One of the most distinctive voices in contemporary Polish poetry, Ewa Lipska's writing combines the feeling of personal vulnerability, social corrosion, historical perils, and philosophical uncertainties of modern life. Often associated with the poets of Generation 68, she has created a unique poetic universe of her own. An ironist and skeptic acutely aware of the finality of human existence and the presence of death in every moment of life, she also projects a sense of stoicism and intellectual reserve that allow her to speak about the darkest corners of experiences with compassion and without despair.
Jaroslaw Anders talks about the poetic worlds of Ewa Lipska in the third and final part of his presentation of the first generation of Polish poets born after World War II.

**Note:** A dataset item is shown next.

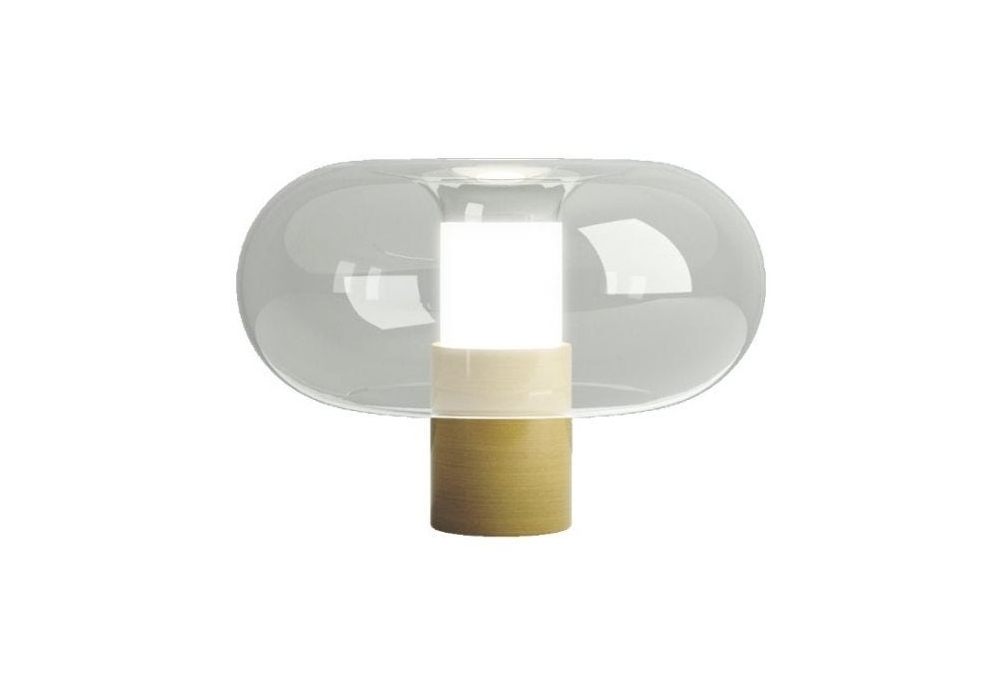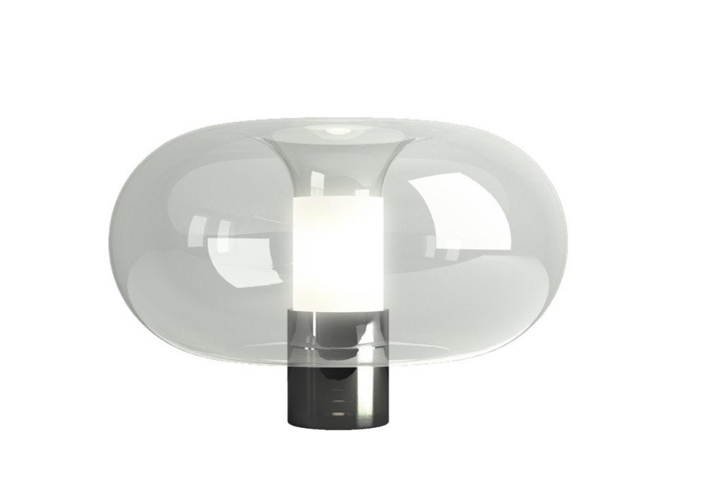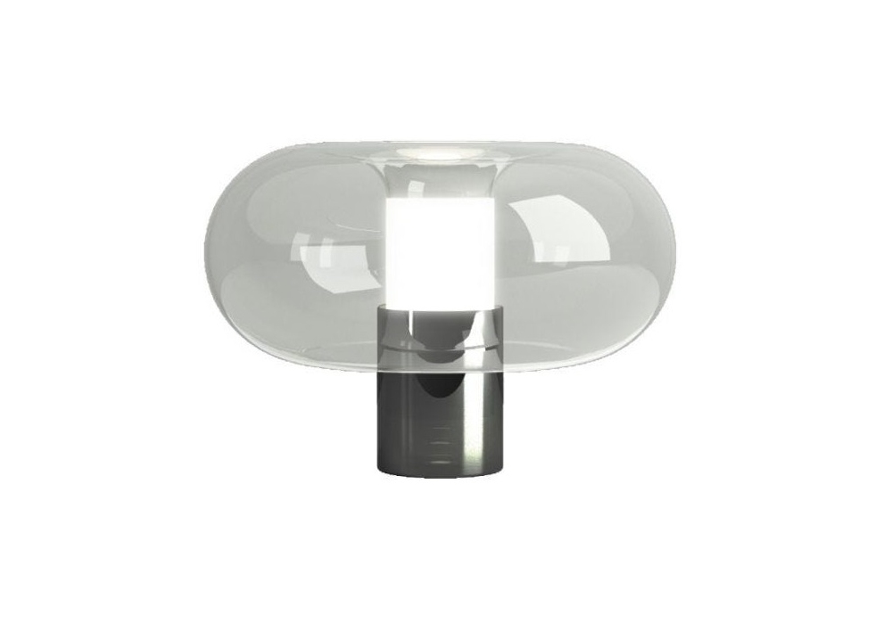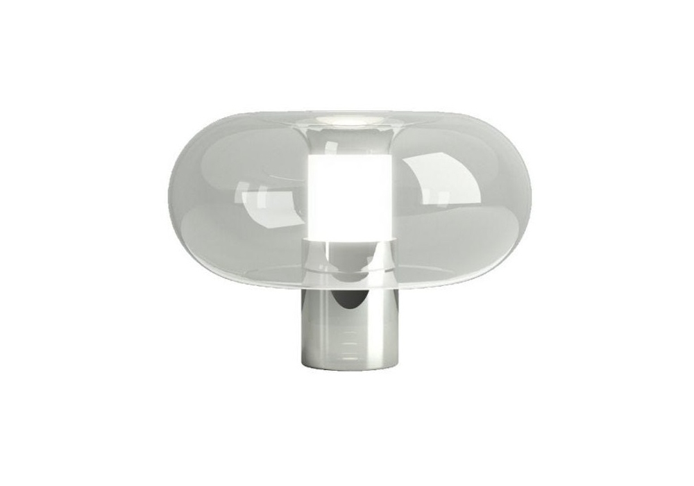 Fontanella diseñada por Federico Peri para Fontana Arte es una lámpara de mesa con estructura portante y base cilíndrica en metal galvanizado en los acabados: cromo, negro o latón. El difusor es elipsoidal en vidrio soplado transparente. Disponible en diferentes dimensiones.

"Huddled in full sentences": Poetic Worlds of Ewa Lipska
- A lecture by Jaroslaw Anders
Jaroslaw Anders is a freelance writer, translator, and editor. He is the author of Between Fire and Sleep: Essays on Modern Polish Poetry and Prose (Yale: Yale University Press, 2009) and numerous articles in The New York Review of Books, The New Republic, the Los Angeles Times Book Review, and other publications. He has translated several books from English into Polish and from Polish into English. In the past, he served as a writer and broadcaster for the Voice of America and worked in the Bureau of Democracy, Human Rights, and Labor of the U.S. Department of State. He lives in Washington, D.C.